Your task is to copy every line below that contains the word "with".

* Records for this exercise:
● ● ● ● ● ● ●

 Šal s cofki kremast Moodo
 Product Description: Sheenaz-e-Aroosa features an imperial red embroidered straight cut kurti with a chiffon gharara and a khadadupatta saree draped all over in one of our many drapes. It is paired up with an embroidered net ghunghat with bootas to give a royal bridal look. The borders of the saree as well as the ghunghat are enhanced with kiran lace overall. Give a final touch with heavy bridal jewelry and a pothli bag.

● ● ● ● ● ● ●

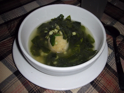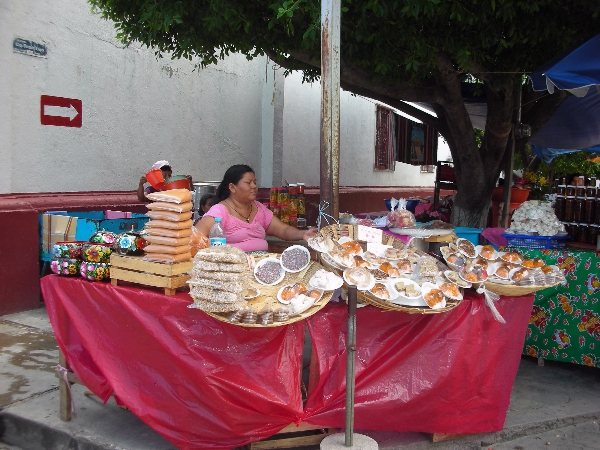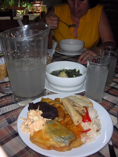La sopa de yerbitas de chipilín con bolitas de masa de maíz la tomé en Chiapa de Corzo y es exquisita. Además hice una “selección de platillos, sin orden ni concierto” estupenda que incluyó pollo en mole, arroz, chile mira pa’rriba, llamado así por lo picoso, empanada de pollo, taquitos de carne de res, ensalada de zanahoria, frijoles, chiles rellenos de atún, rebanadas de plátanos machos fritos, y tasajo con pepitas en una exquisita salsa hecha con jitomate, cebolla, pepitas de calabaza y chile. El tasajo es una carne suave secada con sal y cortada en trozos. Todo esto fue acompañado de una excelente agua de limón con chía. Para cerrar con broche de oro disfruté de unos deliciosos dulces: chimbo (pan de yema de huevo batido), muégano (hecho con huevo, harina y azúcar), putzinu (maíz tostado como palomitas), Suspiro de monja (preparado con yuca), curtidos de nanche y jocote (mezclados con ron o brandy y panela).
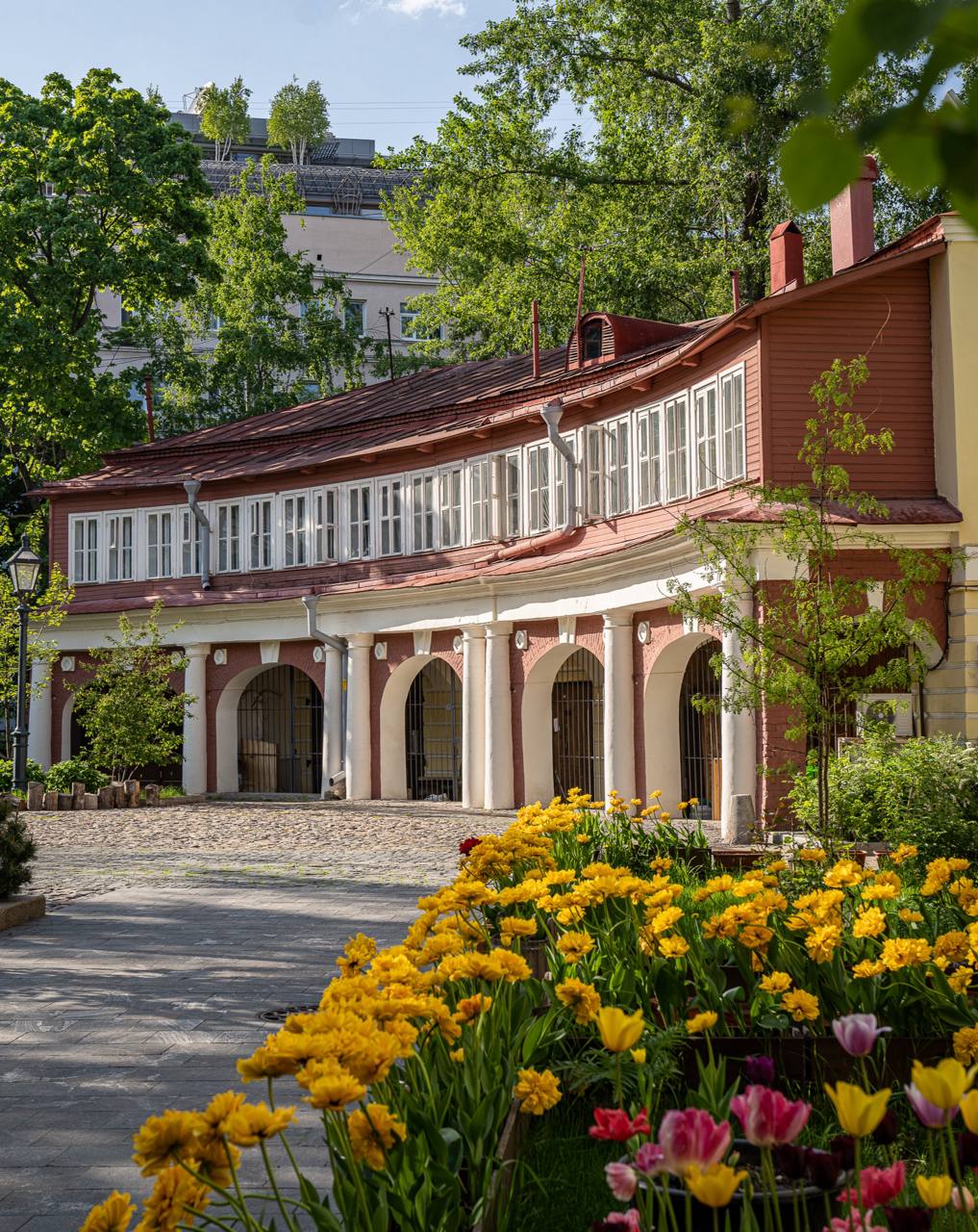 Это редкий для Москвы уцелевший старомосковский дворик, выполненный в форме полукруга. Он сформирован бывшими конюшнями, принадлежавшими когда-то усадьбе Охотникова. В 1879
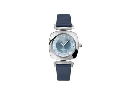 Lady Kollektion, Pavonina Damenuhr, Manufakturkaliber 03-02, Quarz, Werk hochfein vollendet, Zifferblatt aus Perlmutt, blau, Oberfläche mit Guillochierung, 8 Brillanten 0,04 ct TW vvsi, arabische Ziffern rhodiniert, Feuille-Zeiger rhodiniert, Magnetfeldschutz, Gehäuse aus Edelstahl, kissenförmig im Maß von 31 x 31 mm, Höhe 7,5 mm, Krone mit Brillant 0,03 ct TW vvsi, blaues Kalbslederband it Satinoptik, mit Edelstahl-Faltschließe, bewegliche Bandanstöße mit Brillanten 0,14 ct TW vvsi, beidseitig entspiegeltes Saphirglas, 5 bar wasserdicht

● ● ● ● ● ● ●

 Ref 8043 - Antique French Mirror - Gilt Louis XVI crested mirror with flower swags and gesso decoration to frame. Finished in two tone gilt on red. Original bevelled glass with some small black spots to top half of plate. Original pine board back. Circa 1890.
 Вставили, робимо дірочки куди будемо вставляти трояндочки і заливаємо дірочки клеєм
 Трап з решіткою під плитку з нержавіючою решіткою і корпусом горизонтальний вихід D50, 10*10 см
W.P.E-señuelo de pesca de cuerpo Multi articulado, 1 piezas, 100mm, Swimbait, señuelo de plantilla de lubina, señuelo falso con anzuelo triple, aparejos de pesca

● ● ● ● ● ● ●

* Expected output:
 Product Description: Sheenaz-e-Aroosa features an imperial red embroidered straight cut kurti with a chiffon gharara and a khadadupatta saree draped all over in one of our many drapes. It is paired up with an embroidered net ghunghat with bootas to give a royal bridal look. The borders of the saree as well as the ghunghat are enhanced with kiran lace overall. Give a final touch with heavy bridal jewelry and a pothli bag.
 Ref 8043 - Antique French Mirror - Gilt Louis XVI crested mirror with flower swags and gesso decoration to frame. Finished in two tone gilt on red. Original bevelled glass with some small black spots to top half of plate. Original pine board back. Circa 1890.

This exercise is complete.